Advanced Soft-Tissue Sarcoma: Integrating Monoclonal Antibody Therapy - Episode 2
Transcript:Brian Van Tine, MD PhD: There are approximately 42 medical oncologists in the United States that focus solely on the treatment of soft tissue sarcoma. Most of these are academic, and I feel that it’s our role to make sure that we can provide up-to-date guidance for how patients should be treated. I don’t think it’s our role to treat everybody. I actually think it’s our role to make sure people are treated correctly. I think this goes back to the NCCN Guidelines, which really state that the planning for a sarcoma patient should come from people who do it all the time, which is a rough translation of what’s really there. What we’ve done in the Midwest is really formed a partnership between the private practice doctors and the sarcoma center at Washington University, where we don’t give standard of care chemotherapy unless they live in St. Louis. I don’t believe it’s in a patient’s best interest to drive 5, 6 hours to get something that they can get locally. But I think coming to a sarcoma center where they’re beginning to put together that marathon of treatments, so you know what to use first and use second and how to intervene in partnership with us, is actually a highly constructive exercise. That’s where I think our role is.
I think the best advice I can give a community physician is to form a partnership with your local sarcoma expert so that you can send the patient. They’ll be more likely to send them back unless they’re doing special treatment, like helping to advance the field through clinical trials. Because still in 2016, the standard of care is still going to remain a clinical trial until we start curing everyone.
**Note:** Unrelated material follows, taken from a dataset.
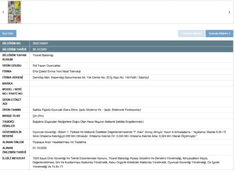 Ticaret Bakanlığı, 8 Ekim 2025 tarihli açıklamasında, “kaktüs figürlü, dans eden, şarkı söyleyen ve şarjlı elektronik özellikli oyuncak” ürününü çocuklar için boğulma riski taşıdığı gerekçesiyle güvensiz ürün ilan etti.
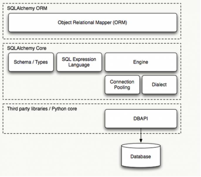 如图所示,sqlalchemy主要分为三个模块:

Mark Agulnik, MD: At the organization I work at, we have an incredible multidisciplinary team that gets together every second week to discuss all patients that are walking through the door with soft tissue sarcomas. It’s a benefit to me treating these patients. It’s certainly a benefit to the patient, as well as all that are involved in the care. When we talk about a multidisciplinary team, we’re not talking about a physician-based multidisciplinary team. We’re talking hospital-wide, any person that’s going to get into contact with these patients. And so, we’re looking at our surgical oncologists that specialize in sarcomas, we’re looking at our orthopedic oncologists who specialize in sarcomas, we’re looking at radiation oncology, we’re looking at medical oncology, we’re looking at social workers, and we’re looking at the psychosocial oncology. We have a very large adolescent and young adult program because a lot of these patients are going to be under 39 years of age. It’s important to have the pathologist who specializes in soft tissue sarcomas, as well as the radiologist, present for the discussion. Really, it’s a large team, it’s a large group. We get together, and it’s very important for patient care that we make sure that we’ve all seen everything, we’ve all reviewed everything. From a patient standpoint, this is what I would always want.
Brian Van Tine, MD PhD: I think one of the nice things about working in St. Louis is that we’re at the crossroads of America with most of the freeways crossing, and we find that people come a fair distance. And so, when you ask what our patient population is that we see, a good 80% of these patients are patients that are traveling for clinical trials and new agents because they have metastatic disease. Then, if you ask how many patients are coming with locally resectable disease, it’s probably about 20% of what we see. Give or take, we see about 1000 new patients a year. And so, you can see who’s coming in for access to new agents and, at the same time, what really takes very careful multidisciplinary care.